### [INSTRUCTIONS TO FOLLOW]
Only the lines from the one containing "Rustic wooden star" to the end of the records belong in the copy. Reproduce them word for word and drop the pictures.

== DATA TO EXAMINE ==

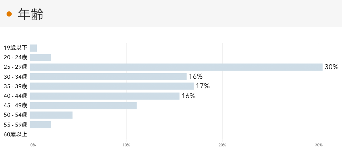 最も割合の多い年齢帯は25〜29歳で30%(前月比3ptアップ)、次に多い割合は35〜39歳の17%、続いて30〜34歳と40〜44歳が同率で16%と続きます。
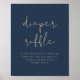 Este cartaz de rifa de fralda apresenta uma fonte escura manuscrita e um design moderno minimalista com uma combinação de cor azul e dourada marinho. Este sinal de jogo de fralda é a adição perfeita ao seu evento de chá de fraldas. Todas as cores são editáveis para corresponder ao seu tema!
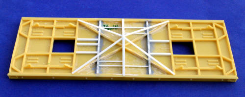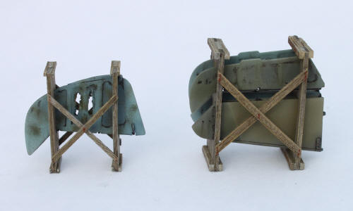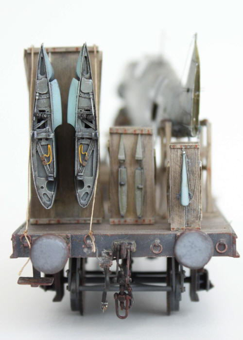 Der Eisenbahnwaggon ist relativ schlecht detailiert. Er wurde mit Bremszylindern, Bremsgestängesteller, Bremsen und funktionsfähigen Kupplungen und Markierungen aus dem Spur0 Eisenbahnbedarf aufgewertet. Die tragende Unterkonstruktion der Ladefläche wurde ebenfalls aus Styrolplatten und –profilen neu aufgebaut. Die Abmessungen und Ausführung der Transportgestelle für die Tragflächen und Ruder, sowie der Transportböcke für den Rumpf  sind in der Wartungsanleitung enthalten.
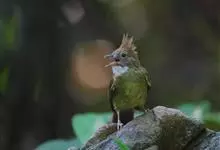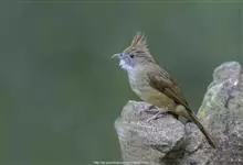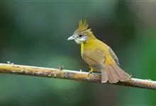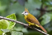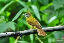 白喉冠鹎:体长20-25厘米。头顶红褐色,有长而细的羽冠、红褐色,头侧灰色。上体橄榄绿黄色,飞羽暗褐色,外翈茶黄色,尾下覆羽皮黄色。…全部>>
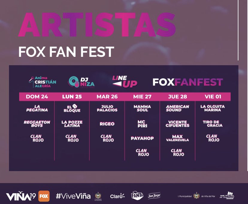 Dentro del line up de bandas y humoristas confirmados, el evento contará con el siguiente programa: Domingo 24 de febrero: la pegatina, Reggaeton Boys y Clan Rojo; lunes 25: El Bloque 8, la Pozze latina y Clan Rojo; martes 26: Julio Palacios, Rigeo y Clan Rojo; miércoles 27, Mamma Soul, Mc Piri, Payahop y Clan Rojo; jueves 28: American Sound, Vicente Cifuentes, Max Valenzuela y Clan Rojo y el viernes 1 de marzo: La Olguita Marina, Tiro de Gracia y Clan Rojo.
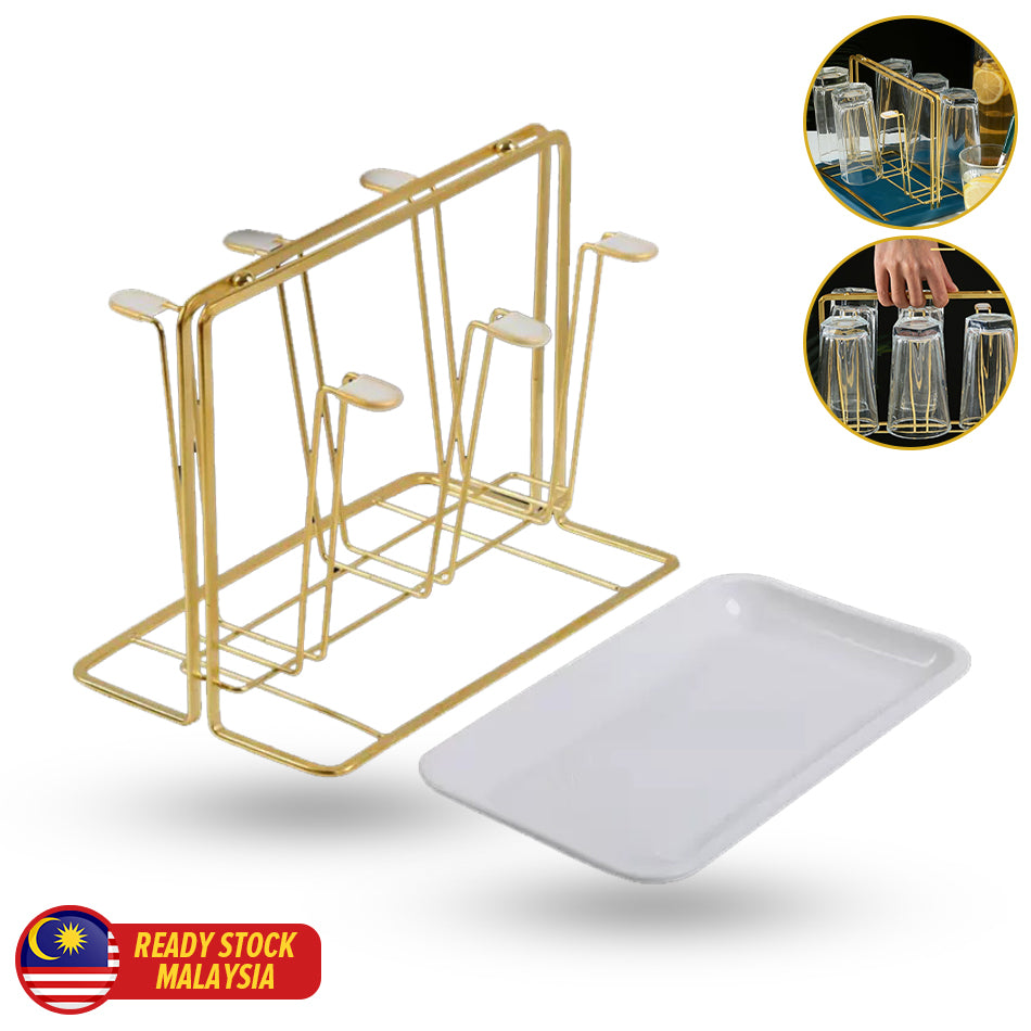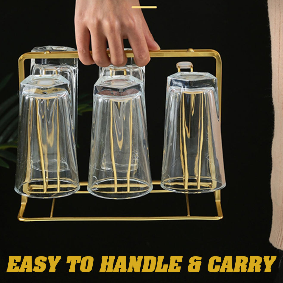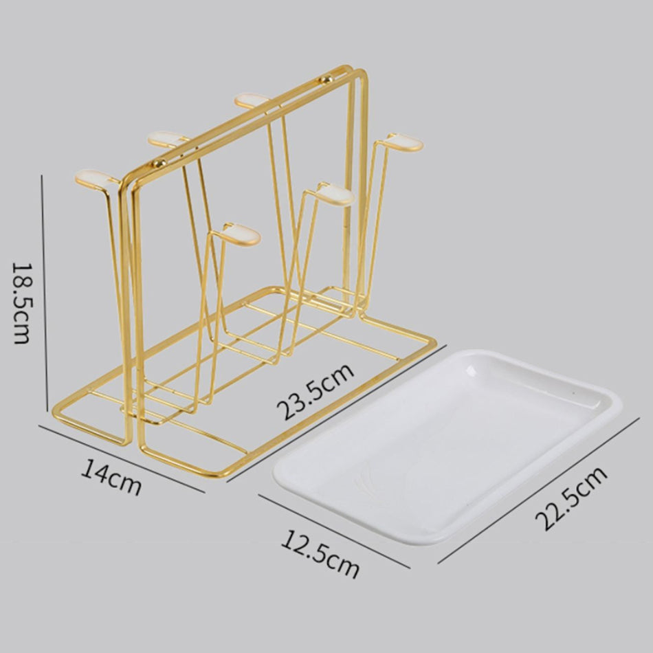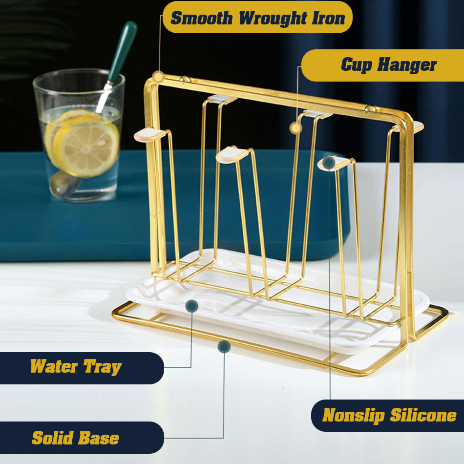 A steel cup storage rack. Capacity of storing holding 6 cups. The cup rack includes also a drainage tray.
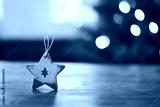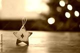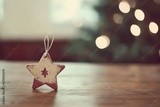 Rustic wooden star ornament rests on a wooden table, with a blurred Christmas tree in the background.
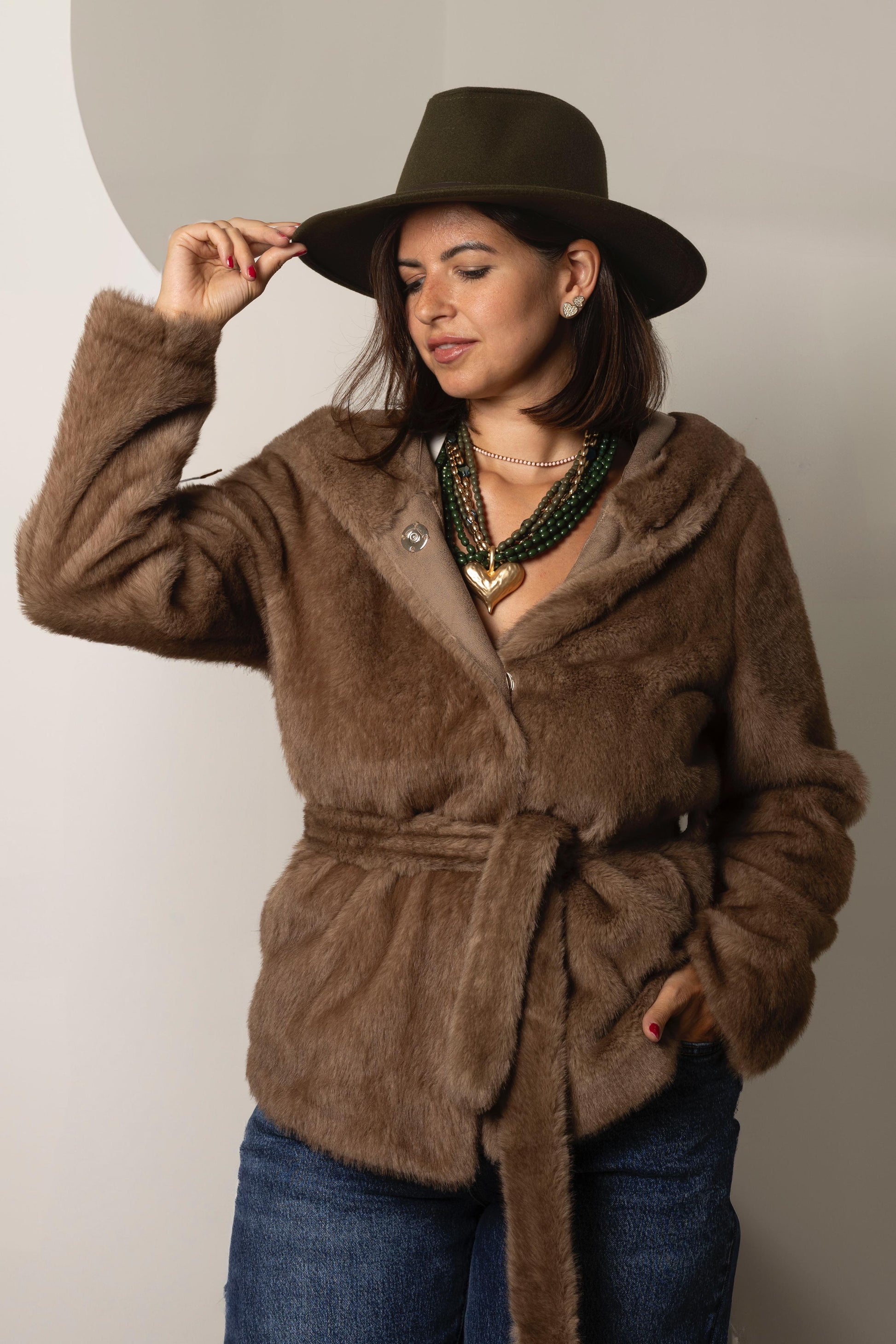 Ecopelliccia con bottone clip e cinturone, vestibilità over.
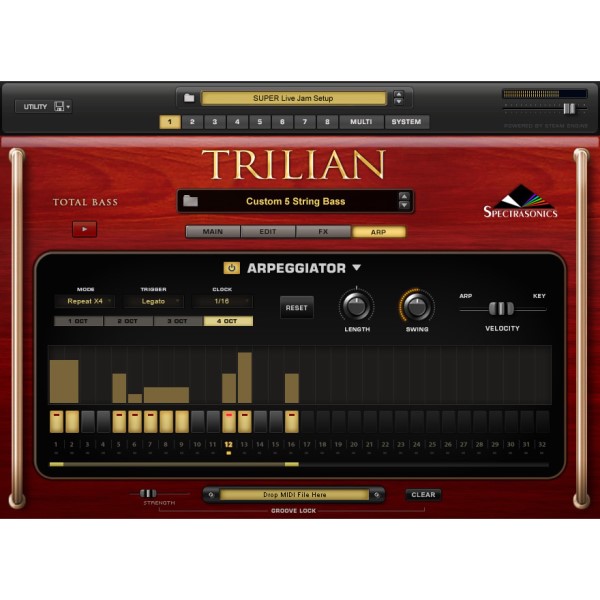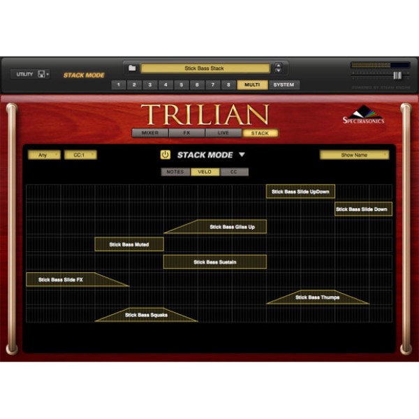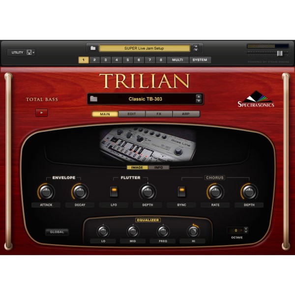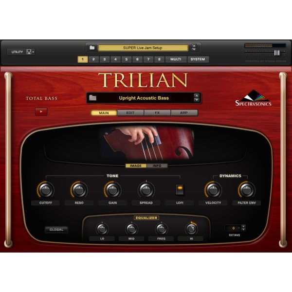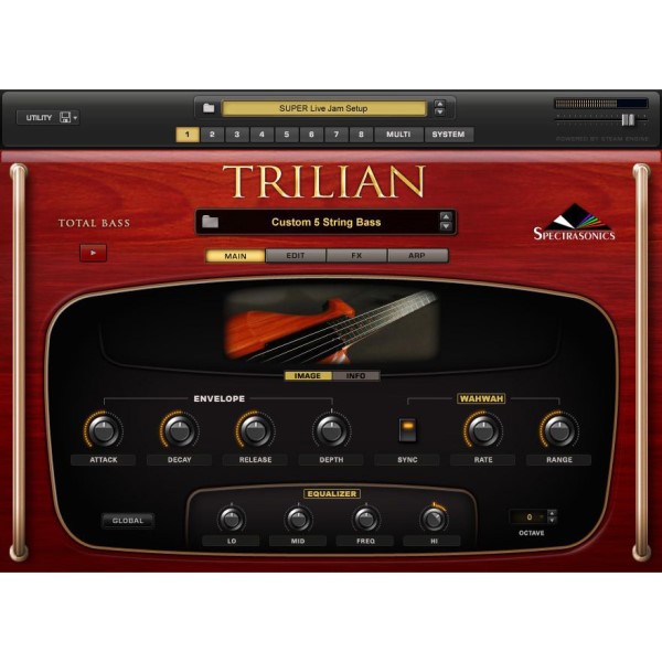 Trilian beeindruckt mit einer außergewöhnlich großen Library, die detailgetreu akustische, elektrische und synthetische Bassklänge abdeckt. Die Library wurde im Vergleich zum Vorgänger Trilogy deutlich erweitert und bietet jetzt noch ausdrucksstärkere Sounds. Dank der STEAM Engine, die bereits in Omnisphere eingesetzt wird, liefert Trilian hochauflösendes Samplestreaming und realistische Performance-Features.

===

### [TASK RESPONSE]
 Rustic wooden star ornament rests on a wooden table, with a blurred Christmas tree in the background.
 Ecopelliccia con bottone clip e cinturone, vestibilità over.
 Trilian beeindruckt mit einer außergewöhnlich großen Library, die detailgetreu akustische, elektrische und synthetische Bassklänge abdeckt. Die Library wurde im Vergleich zum Vorgänger Trilogy deutlich erweitert und bietet jetzt noch ausdrucksstärkere Sounds. Dank der STEAM Engine, die bereits in Omnisphere eingesetzt wird, liefert Trilian hochauflösendes Samplestreaming und realistische Performance-Features.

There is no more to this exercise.